Powered by natural language processing, ASR systems provide a much more personalized and human experience than traditional touchtone ever could. Traditional touchtone is like interacting with Dan Rathers, while ASR is like talking to Oprah. Even more importantly, ASR-driven IVR systems enable contact centers to vastly reduce the number of steps callers must take to get what they need. Customers can cut through unnecessary menu options by saying exactly what they want (e.g., “I would like the address of your call center so that I can punch the last agent I spoke to in the face”). 

NOTE: To help you better understand speech technology and achieve optimal results with your speech-enabled IVR system, I recommend you get a copy of one or both of Bruce Balentine’s books:

1) It’s Better to Be a Good Machine than a Bad Person
2) How to Build a Speech Recognition Application


Bruce is one of the smartest and funniest “techies” I know. He has no allegiances to any speech vendors, and thus never pushes any particular products.


Use CTI to ensure smooth, smart transfers.
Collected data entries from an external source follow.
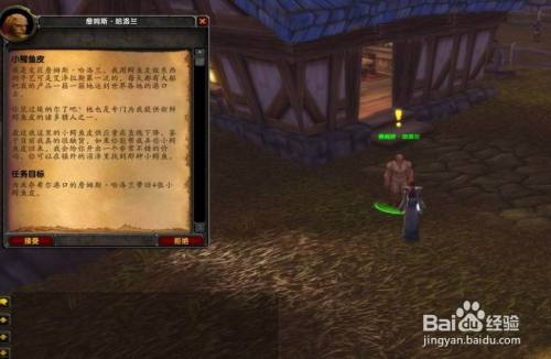 1、进入游戏,与詹姆斯·哈洛兰对话接受小鳄鱼皮任务。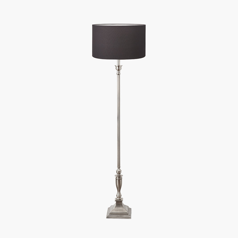 Transform your home decor with the Canterbury Antique Silver Metal Floor Lamp Base paired with the exquisite Henry 45cm Grey Handloom Cylinder Lampshade. This stunning lamp is designed to enhance any room with its timeless elegance and sophistication.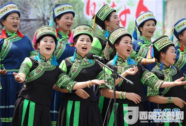 4月18日,在廣西百色市隆林各族自治縣舉辦的“三月三”歌會(huì)上,人們演唱山歌。新華社發(fā)(林斌 攝)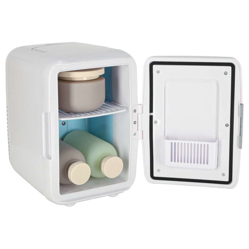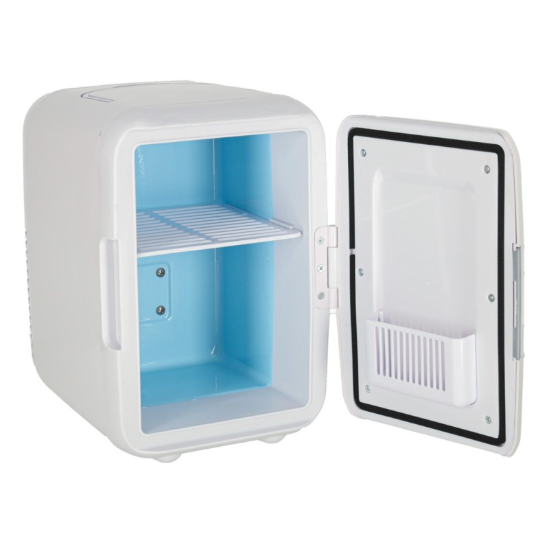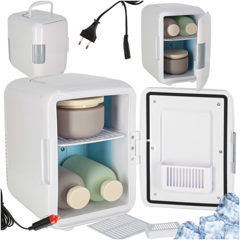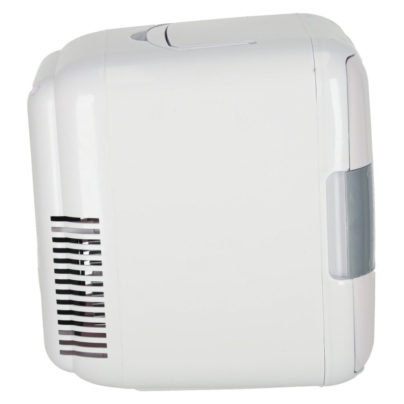 Biała lodówka turystyczna na żywność i kosmetyki o pojemności 4 l. Ma wygodny uchwyt do przenoszenia oraz funkcję grzania i chłodzenia. Do użytku poza domem oraz w aucie. Wymiary: 25 cm x 17 cm x 24 cm

Even if your IVR system is perfectly designed and features the universally appealing voice of James Earl Jones, many callers will still want to – or need to – speak to a live agent featuring the universally less-appealing voice of a live agent. And when this happens, what’s universally aggravating to callers is – after providing the IVR with their name, account number, social security number, height, weight and blood type – having to repeat the very same information to the agent to whom their call is transferred.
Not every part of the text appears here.